The number of digits required to encode the original value is much smaller. For example, if the difference value is 5, its binary value is 101, for example
If the difference value is-5, it is first changed to a positive integer 5, and then its binary value is converted into a complement of 1. The so-called complement of 1
If the value of each bit is 0, it is changed to 1; if BIT is 1, it is changed to 0. Number of digits to be retained for the difference value 5
3. The following table lists the comparison between the bit numbers reserved for the difference value and the difference content.
In addition, add some differences to the front end of the difference. For example, the Brightness Difference is 5 (101) bits.
If the number is 3, the Hoffman code value should be 100, and the two are connected together to 100101. The following two tables are divided:
Are the encoding tables for the differences between brightness and chromium DC. Based on the contents of the two tables, you can add
Man code value to complete DC coding.
AC Encoding
The AC encoding method is slightly different from that of DC. Before the AC encoding, you must first sort 63 ACSS by zig-zag.
In sequence.
63 values are arranged, and the AC coefficient is converted into an intermediate symbol, which is expressed as RRRR/SSSS,
Rrrr refers to the number of AC whose value is 0 before the non-zero AC, ssss refers to the number of digits required for the acvalue, And the AC system
The correspondence between the number range and ssss is similar to the comparison table between the number of BITs and the difference value of DC.
If the number of consecutive 0 s is greater than 15, then 15/0 is used to represent 16 consecutive 0 s, 15/0 is called zrl
(Zero rum length), while (0/0) is called eob (ENEL of Block) to indicate
The remaining AC coefficients are equal to 0, and the intermediate symbol value is used as the index value to find the appropriate
The following code is used to connect the user with the acvalue.
For example, if the center operator of a set of brightness is 5/3 and the acvalue is 4, the first index value is 5/3.
In the Huffman encoding table, the 1111111110011110 Hoffman code value is found, and the original 100 (4) is added)

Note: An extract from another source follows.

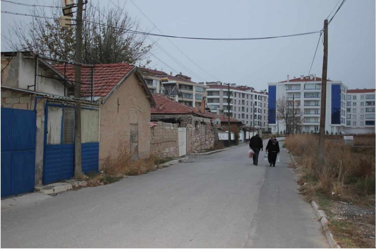
FOTOĞRAF-1 YENİMAHALLE'DE ABDALLARIN YAŞADIĞI MEKANLAR-KENTSEL DÖNÜŞÜM (YOLUN SONU)

Fotoğraflarla Konya Abdalları, Yaşam Alanları ve Ziyaretleri 147

It is used to get the Huffman code 1111111110011110100 of [5, 4]. [5, 4] indicates
There are five zeros in front.
Because the brightness is AC and the color is relatively long, this parameter is omitted here. For more information, see
Close books.
Achieve the above four steps to complete the JPEG compression of an image.
References
[1] Lin fuzong's Image File Format (I)-Windows programming, Tsinghua University Press,
1996
[2] edited by Li zhenhui and Li Ren, exploring the mysteries of image files, Tsinghua University Press, 1996
[3] Li hongsong, translated JPEG static data compression standards, xuanyuan Press, 1996
JPEG Image Compression Algorithm:
The input image is divided into 8x8 or 16x16 segments. Then, two-dimensional DCT (discrete cosine transformation) transformation is performed for each segment. The transformed coefficients are quantified, encoded, and transmitted;
The JPEG file decodes and quantifies the DCT coefficient, computes two-dimensional inverse DCT transformation for each piece, and finally Concatenates the result block into a complete image. After DCT transformation, remove the coefficients close to 0 that do not seriously affect image reconstruction.
The feature of DCT transformation is that most of the energy of the transformed image is concentrated in the upper left corner, because the low-frequency data of the original image is displayed on the upper left, and the lower right shows the high-frequency data of the original image. The image energy is usually concentrated in the low-frequency part.